We waited another minute or two, then I decided I had better get moving before my legs decided they were done. Tony wasn't quite ready yet, but said he would meet me when I found Chelsea. I had only gone couple miles when she came over a hill towards me and pulled off the road. I told her Tony was right behind me and sure enough he pulled in within a minute. I had my lunchable and Tony gave me half an orange, then we started off again. We rode together for a little while, but I was glancing at my heart rate starting to go up again and I still remembered that I had one huge climb left, so I thought I'd rather conserve energy and told Tony I was going to drop back a bit and then watched him disappear in the distance.

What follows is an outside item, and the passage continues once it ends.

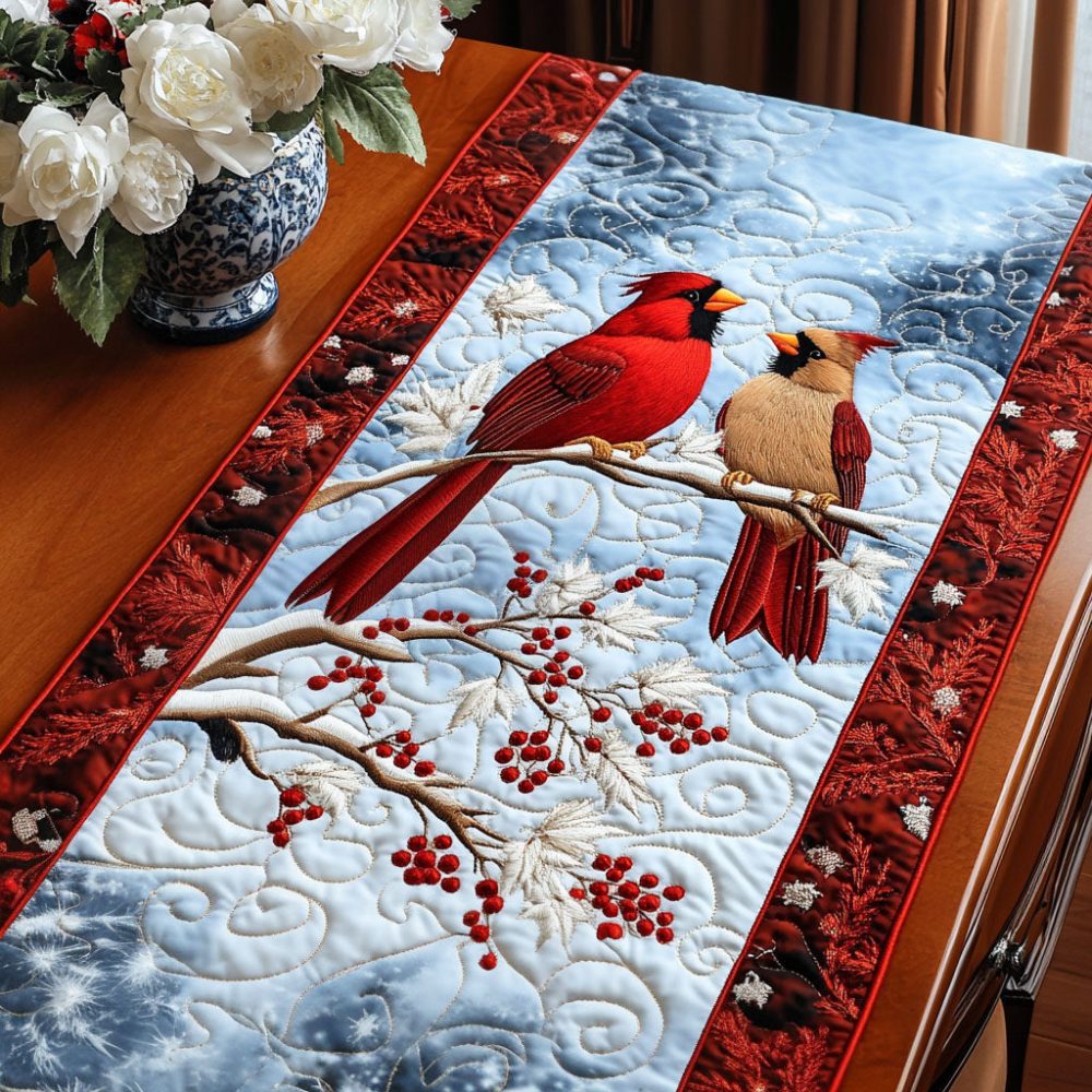Winter Cardinals Quilted Table Runner
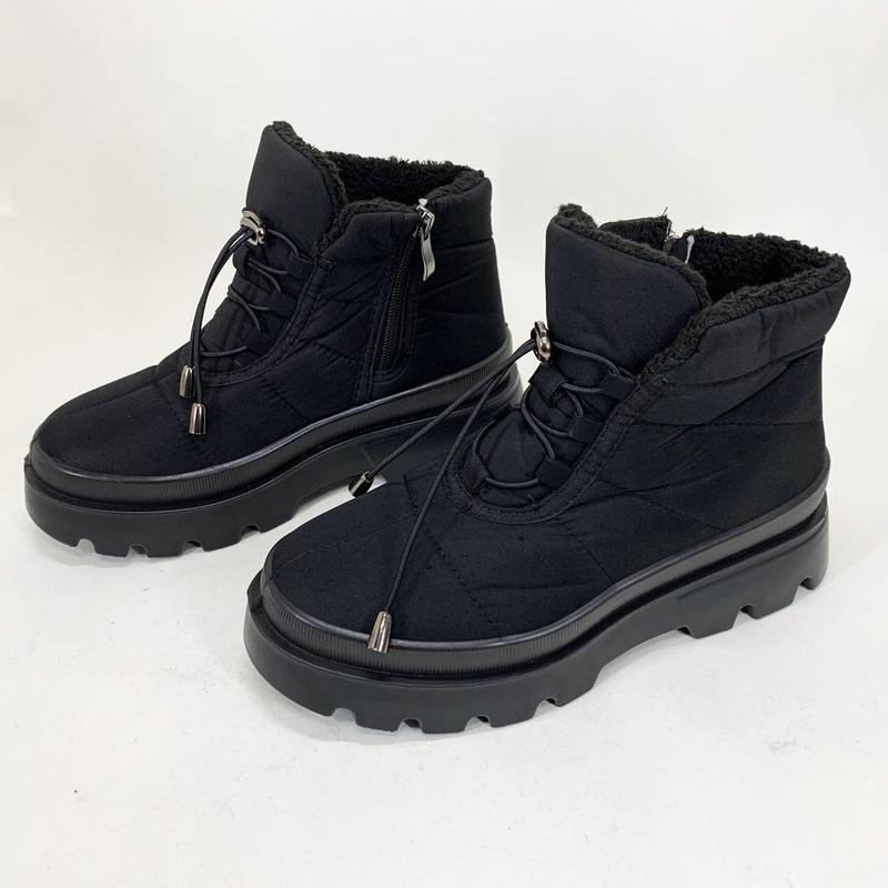 Женские сапоги с утеплением - это идеальный выбор для холодного времени года. Модель выполнена в глубоком черном цвете, который гармонично сочетается с любым стилем одежды. Благодаря мягкому внутреннему меху сапоги обеспечивают тепло и комфорт в течение всего дня. Внешний материал имеет приятную на ощупь текстуру, а широкая шнуровка позволяет надежно фиксировать обувь на ноге. Объемная подошва с глубоким протектором гарантирует устойчивость и безопасность на скользкой поверхности. Обувь не только практична, но и стильна – отлично подходит для ежедневной носки в зимних условиях. Характеристики Тип: женские зимние сапоги Материал верха: текстиль с эффектом замши Подкладка: искусственный мех Подошва: ТЕП (термоэластопласт) Застежка: шнуровка Цвет: черный Сезон: зима Преимущества Утепленный внутренний слой для морозной погоды Удобная посадка благодаря мягкой конструкции Современный внешний вид под любой образ Надежное сцепление с поверхностью благодаря рельефной подошве Идеальны для ежедневного использования

There was a nice descent before that country store, so I got in my hyper tuck and built up quite a bit of speed. I thought I saw Tony off in the distance once, but wasn't sure. But when I pulled into that Country store, he was in line to buy some water and a soda. I got myself a bottle of water and a Chocolate milk. We didn't stay long and I didn't even try to stay on his wheel when we left. This was the start of that big climb I was worried about. I was definitely feeling tired and the heat and effort had sapped most of my energy, so this was a very long, hard tedious climb. At least it was starting to cool off as the sun moved to the west.
When you've worked this hard the mind starts playing games. I started to hear Paul Sherwin saying "Did you see that Phil? I do believe he's cracked! Yes, yes! He has! He's totally blown!" And Phil replying, "Oh he's losing massive amounts of time now! Can you believe this? He's all over his bike now, this is not good." At least their conversation kept me occupied while I struggled up the hill and got back to those rollers. Somewhere along there I passed a sign that said 31 miles to the Kern River. Ok, so I knew the first hill was 15 miles long going up which meant I had 16 miles of big rolling hills before getting to that much anticipated descent!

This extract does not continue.